Simpson & Brown was appointed by the newly formed Tyne & Wear Building Preservation Trust in 1980, to deliver a strategy for the repair of two buildings for office use. A first stage of work, including structural and external repairs, was completed in 1983. Funding then failed and the buildings stood empty for thirteen years. With new support from the Heritage Lottery Fund, the work was resumed and completed in 1997-98. The house remains in the ownership of the Trust.

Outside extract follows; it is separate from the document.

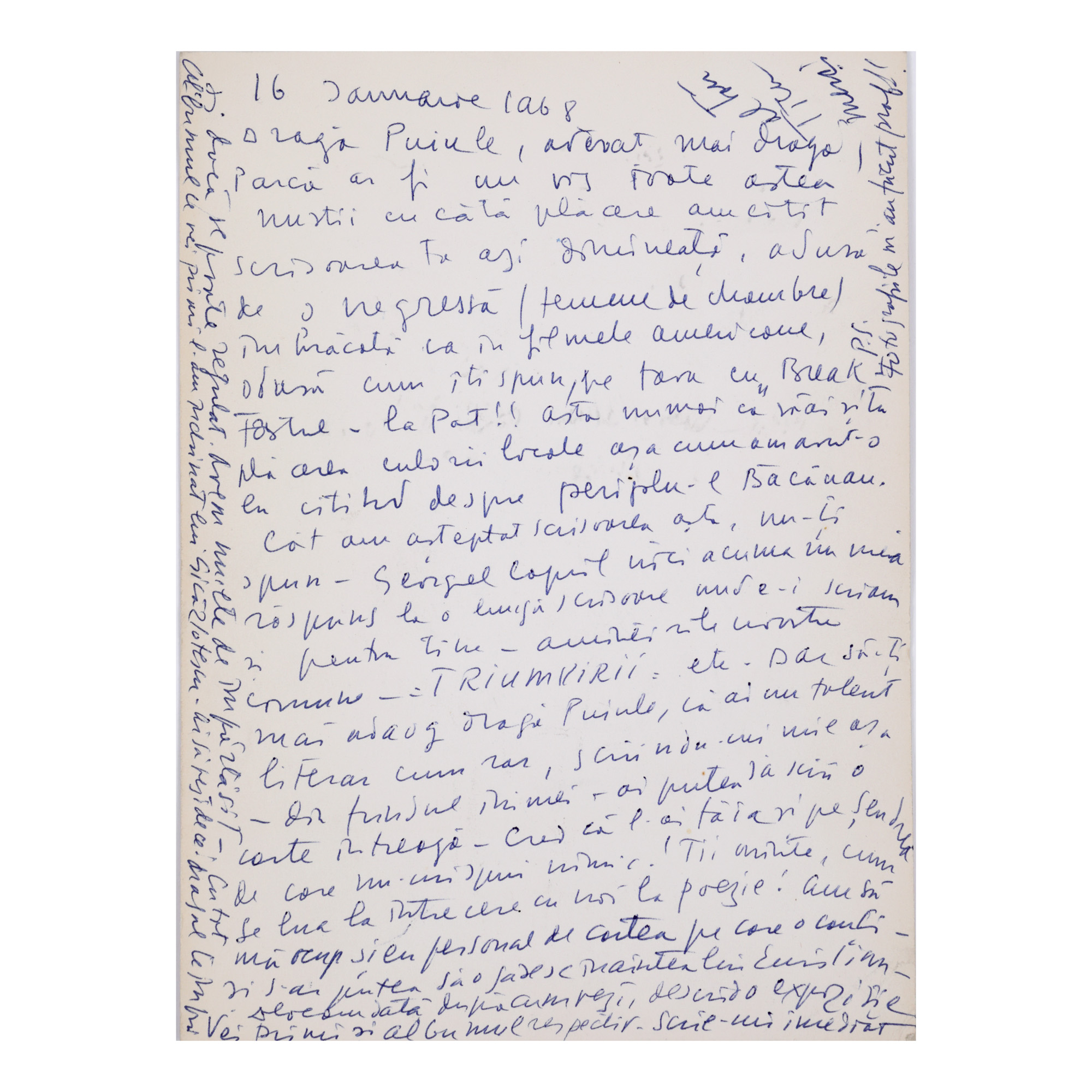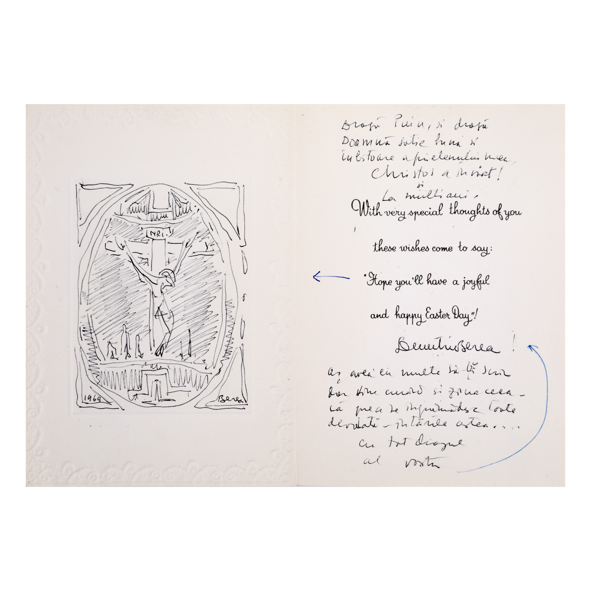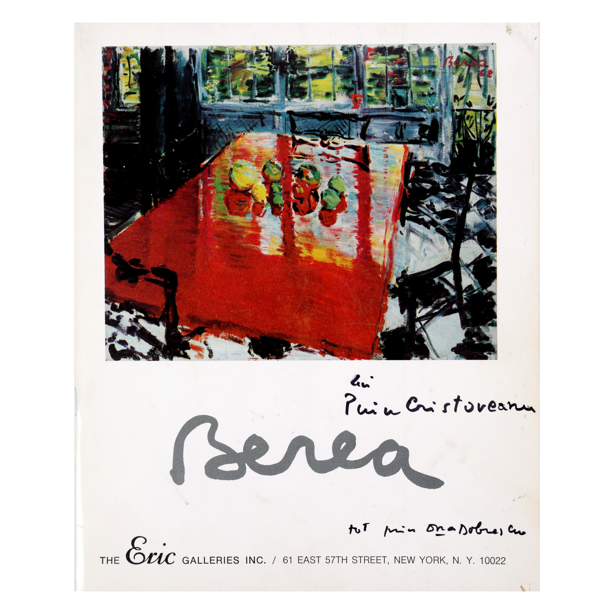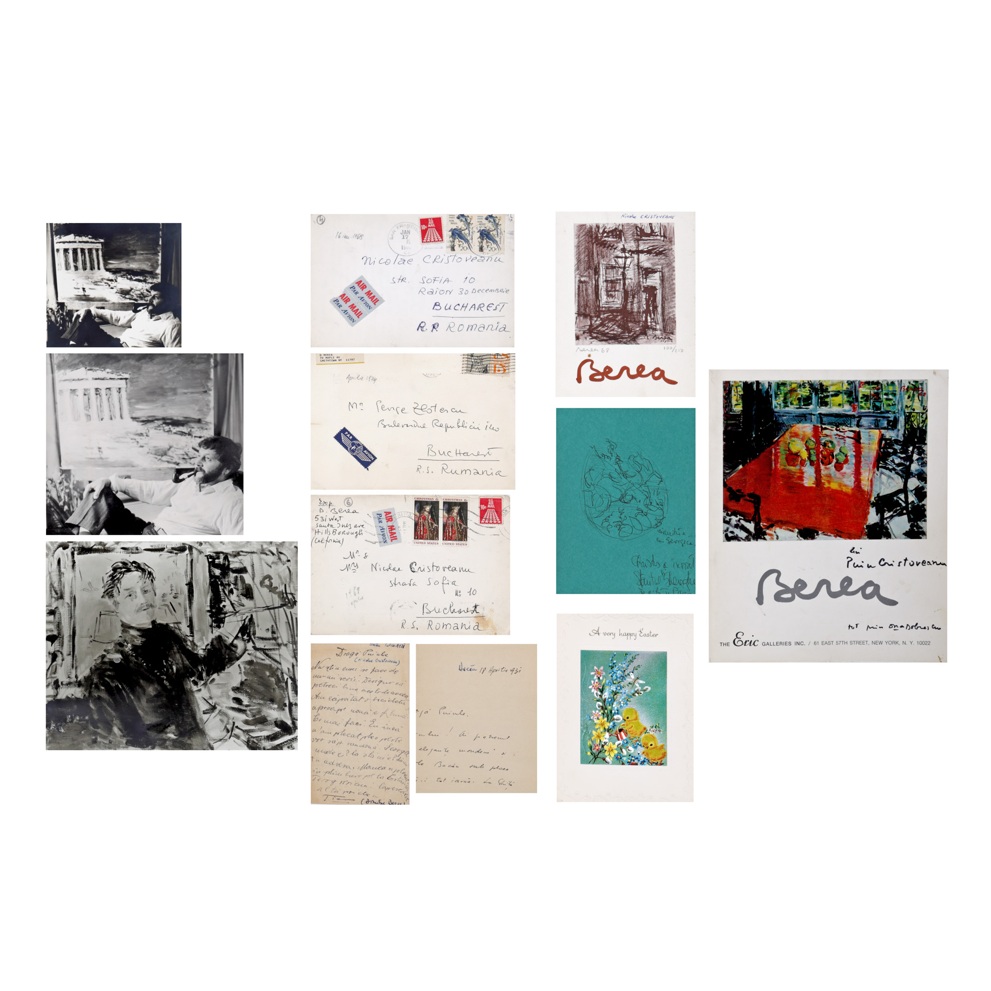 Lotul este alcătuit din mai multe piese referitoare la pictorul Dimitrie Berea, astfel: 1. Catalogul expoziției personale deschisă la New York în 1973, cu dedicația olografă a artistului către Puiu Cristoveanu. 2. Carte poștală olografă către Nicolae Cristoveanu, circulată de la Tg. Neamț la Agapia, 25 iulie 1927. 3. Scrisoare olografă, semnată și datată, către Puiu Cristoveanu, 18 aprilie 1931. 4. Felicitare de Anul Nou 1969 trimisă de pictor din America lui Nicolae Cristoveanu, datată și semnată, în plicul original, cu un desen al artistului realizat cu pixul în interior. 5. Felicitare de Paște realizată manual de pictor, cu un text olograf și desen inedit, trimisă din America lui George Zlotescu, în plicul original. 6. Invitație la o expoziție personală, trimisă din America de pictor lui Nicolae Cristoveanu, cu un amplu text olograf, datat și semnat, în plicul original. 7. Invitație la o expoziție personală realizată de artist sub forma unei litografii, semnată cu creionul "Berea 68", exemplar 100/250. 8. Trei fotografii realizate de Nicolae Cristoveanu (două portrete ale artistului și o lucrare a lui), una cu o dedicație olografă, semnată și datată, a pictorului.

This house at 98 Pilgrim Street is one the most important mercantile town houses in any city in the North of England. With medieval origins, it occupies two burgage plots on the main route to the North and seems to have been substantially built in the mid seventeenth century. The oak stair, rising into the lantern tower to give access to the leads - a close relative of the famous "black staircase" in Durham Castle and the ceiling of the "Great Room" are of this period. There was further work in the late seventeenth and early eighteenth centuries, including the introduction of sash windows and the panelling of the "Great Room", and its ownership was attributed in Corbridge's 1723 map of Newcastle to "Alderman Fenwick" - a fact not entirely born out by documentary research, but the name, like that of John Knox's House, has stuck. It became the Queen's Head, an important coaching inn on the Great North Road in the late eighteenth century, and the Newcastle Liberal Club in the 1880s, by which time it had been united with no. 100 next door. The Liberals left in 1962 and by the late 1970s the buildings, then owned by the City, was derelict and poor condition. Fortunately consent for demolition was refused, and the council Trust took the building on.
The work was philosophically and technically challenging and the quality of the result is a testament to the great goodwill which the project received, to the quality and traditional attitudes of contractors and tradesmen, and that the work was unhurried and, in the end, well funded.